Adaptation still occurred, with the response after a 2.5 s series of 10 kHz pulses adapting to 2.4 ± 0.7 spikes/pulse, (Fig. 11bi, fi, N = 5), i.e. 57% of the initial response. The response to 40 kHz stimulation adapted to 1.6 ± 0.6 spikes/pulse (Fig. 11bii, fii, N = 5), i.e. 47% of the initial response. This shows that when contralateral inhibition is removed, there is an over-all increase in ON-1 spike activity, but adaptation still occurs, indicating that ipsilateral mechanisms contribute significantly to adaptation. With the contralateral afferents deactivated, a 10 kHz pulse combined with a series of 40 kHz pulses generated 1.7 ± 0.3 (Fig. 11di, fi, N = 5), which was not significantly different to the response in a series of 10 kHz pulses (p = 0.39, unpaired t-test, N = 5). A 40 kHz pulse over a series of 10 kHz pulses generated 1.3 ± 1.2 spikes (Fig. 11dii, fii, N = 5), also this response was not significantly different to the response with a series of 40 kHz pulses (p = 0.83, unpaired t-test, N = 5). Thus, after removal of the contralateral inhibition frequency-specific adaptation was not evident in ON-1.
Discussion
We combined intracellular recordings and optical imaging to study processing of neural activity in identified auditory interneurons of a bush cricket, after loading the neurons with a calcium sensitive indicator. The large size of the Mecopoda interneurons allow the study of the integration of sensory information across the entire dendritic and axonal arborisations.
Modes of Ca2+ signals
After dye loading, the neurons revealed clear fluorescence responses to acoustic stimuli. The timescales of Ca2+ signals observed are likely to be influenced by the presence of the calcium indicator, which acts as a chelator of Ca2+, slowing down its removal from the cytosol (Helmchen et al. 1997; Sabatini et al. 2002; Augustine et al. 2003). To minimise this effect and to obtain an even distribution throughout the neuron, the dye was used in low concentrations and allowed to spread for 30–60 min. Imaging of fluorescence changes in the dendrites during acoustic stimulation revealed an increase in the fluorescence signal which reached its maximum within 330 ms followed by a long decay over a time of 1–2 s. These changes were like those seen in the cricket auditory pathway when low-affinity indicators were used, to capture the temporal dynamics of the Ca2+ signals more closely (Baden and Hedwig 2007, 2010). This suggests that the indicator effects on the timing and especially the spatial pattern of Ca2+ signals were minor.
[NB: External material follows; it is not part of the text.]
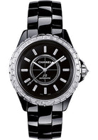 38mm 18K white gold and black high-tech ceramic case, 18K white gold bezel set with 34 baguette cut diamonds (approx. 2.54 carats), black dial with 12 baguette cut diamond indicators, self-winding movement with hours, minutes, seconds, approximately 42 hours of power reserve, ceramic bracelet, triple-folding buckle in 18K white gold. Water resistant to 50 metres.

In the dendrites of both TN-1 and ON-1, Ca2+ influx is likely to be mediated by ligand-gated channels. Crickets have cholinergic auditory afferents (Stout et al. 1998), and bush-crickets likely as well. Nicotinic acetylcholine receptors allow the entry of Ca2+ (Decker and Dani 1990; Wegener et al. 2004), so synaptic transmission between auditory afferents and interneurons should cause a Ca2+ influx into the dendrites. A local excitatory post-synaptic potential will decay passively within a cell’s dendrites, and only a restricted region will be influenced by this potential (Cuntz et al. 2003). However this will be complicated when spikes passively back-propagate into the neurites and the cell body (Gwilliam and Burrows 1980). Actively invading spikes would impact the whole dendritic field and should mask any tonotopic responses; similar to what is observed in the axonal arborisations of ON-1 (Fig. 8). As for the dendrites of TN-1 or ON-1 (Figs. 4d and 5d) a masking of the tonotopic organisation by spiking activity was not observed, suggesting that spike derived membrane potential changes do not act alone to drive the Ca2+ increase in their dendrites. In-line with this, Ca2+ increases may be mediated by the concurrence of a neurotransmitter and membrane depolarisation, as reported in vertebrates (Nakamura et al. 1999). A separation of synaptic and spike mediated calcium responses can be achieved by a combination of intracellular recordings and Ca2+ imaging: for example, in the dendrites of cricket cercal giant interneurons there is no increase of the Ca2+ signal upon stimulation leading to subthreshold EPSPs while a Ca2+ signal occurs when single spikes are evoked (Ogawa and Mitani 2015). These giant neurons however likely have multiple spike initiating zones which may occur in their dendritic field, making a separation of dendritic and spiking processes more complex.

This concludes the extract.